Neosho (Missouri)

Neosho is a sizeable town in Southwest Missouri and has several monikers, among them "Gateway To The Ozarks," "City of Springs," and "Flower Box City". The latter two pertain to characteristics of the town, namely the source of numerous springs as well as a citywide initiative involving flower boxes. The name Neosho is derived from a Native American word meaning "clear, cold water".

Understand

Neosho is in ways a typical Missouri town, founded by European American settlers in 1829, but it has some distinctions, one being that it was the fleeting Confederate capital of Missouri in 1861, though it changed hands a couple of times during the war and also most of the state was largely controlled by the Union. It was also home (at least temporarily to) figures like ragtime composer James Scott, entertainer Will Rogers, and innovator George Washington Carver. Moreover, it was also the tragic site of a train collision that killed 43 passengers in 1914 as the motor carriage caught fire.

Get in

Neosho is just east of I-49 between Joplin and the Fayetteville, Arkansas metro area.

See

  • 🌍 Big Spring Park (Clark Spring), 209 N High St. Daily 7AM-10PM. A picturesque if somewhat manmade cascade flows over a precipice here in this historic spring eminence.

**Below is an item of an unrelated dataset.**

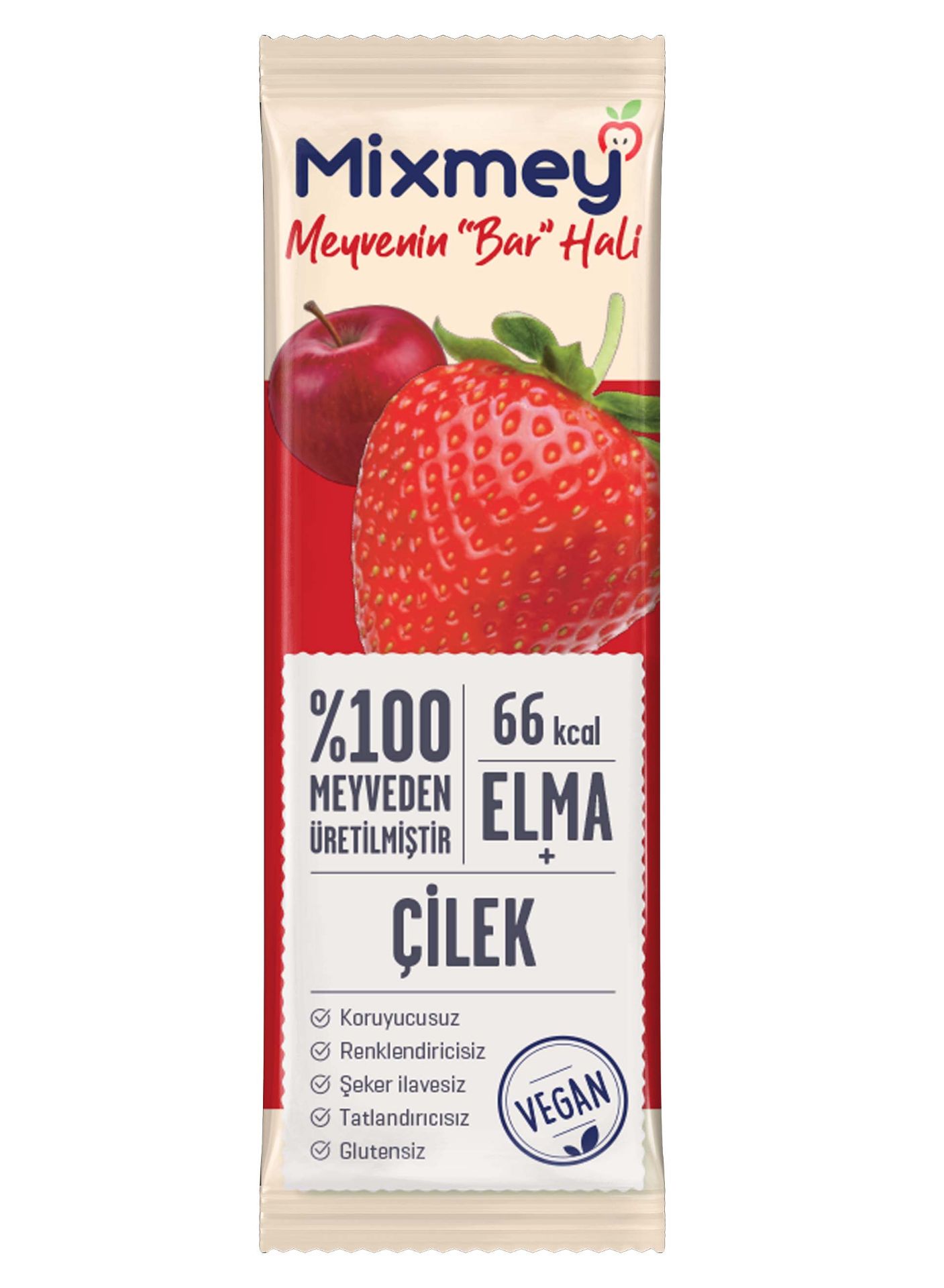 Ilave seker, tatlandirici, renklendirici, koruyucu ve glüten içermeyen “Elmali ve Çilekli Meyve Bar” lezzetimiz vegandir.

Also the site of a municipal pool.
  • 🌍 Neosho National Fish Hatchery Visitor Center, 520 Park St, +1 417-451-0554. A peculiar fish hatchery with an onion dome visitor center and locality for raising sturgeon.

Do

  • 🌍 Morse Park, 563 E Spring St, +1 417 451-8090. Daily 7AM-10PM. This recreational area has a number of hiking and mountain biking paths with some descents and inclines.
  • 🌍 Fort Crowder Conservation Area (travel east 3.5 miles along Route HH), +1 417 451-4158. Another (albeit flat) area with some hiking and equestrian options, adjacent to Fort Crowder where Dick Van Dyke and Mort Walker were once stationed, the latter of whom used the fort as a context in his Beetle Bailey comic strip.